* **Problem to solve**
The listing that follows should be copied in full and exactly, with no pictures.

* **Information supplied**
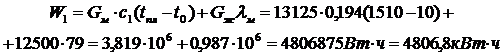 w1 - удельная энергия, необходимая для нагрева и расплавления 1кг стального лома, Вт·ч/кг;
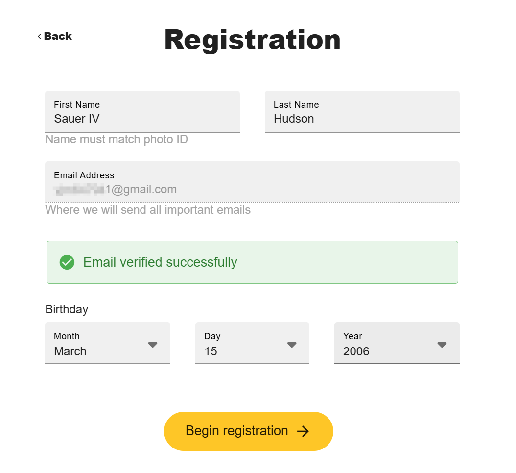 - 输入之前在 fauxid.com 生成的出生日期,点击“下一步”。
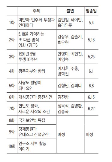 1편에서는 ‘행동하는 미얀마청년연대’ 공동대표들을 초대해 미얀마 민주화 투쟁을 위한 연대의 방송을 하였고 2편에서는 다큐멘터리<김군>의 강상우 감독을 초대해 5.18를 기억하는 다양한 방식에 대해 이야기를 나눴다. 향후 30주년을 맞이한 1991년 5월 투쟁, 광주지부 활동이야기, 대중적 역사글쓰기로 유명한 김형민 PD의 새책이야기, 김진향 개성공단 이사장의 개성공단과 종전선언, 정욱식 평화네트워크 대표의 한반도 평화 새로운 시작의 조건, 국가보안법, 강제동원과 유네스코 산업유산 이야기 등이 준비되어 있다. 연구소 30년사이야기는 하반기 백서 발간에 맞춰 방송할 예정이다.

* **Answer section**
 w1 - удельная энергия, необходимая для нагрева и расплавления 1кг стального лома, Вт·ч/кг;
 - 输入之前在 fauxid.com 生成的出生日期,点击“下一步”。
 1편에서는 ‘행동하는 미얀마청년연대’ 공동대표들을 초대해 미얀마 민주화 투쟁을 위한 연대의 방송을 하였고 2편에서는 다큐멘터리<김군>의 강상우 감독을 초대해 5.18를 기억하는 다양한 방식에 대해 이야기를 나눴다. 향후 30주년을 맞이한 1991년 5월 투쟁, 광주지부 활동이야기, 대중적 역사글쓰기로 유명한 김형민 PD의 새책이야기, 김진향 개성공단 이사장의 개성공단과 종전선언, 정욱식 평화네트워크 대표의 한반도 평화 새로운 시작의 조건, 국가보안법, 강제동원과 유네스코 산업유산 이야기 등이 준비되어 있다. 연구소 30년사이야기는 하반기 백서 발간에 맞춰 방송할 예정이다.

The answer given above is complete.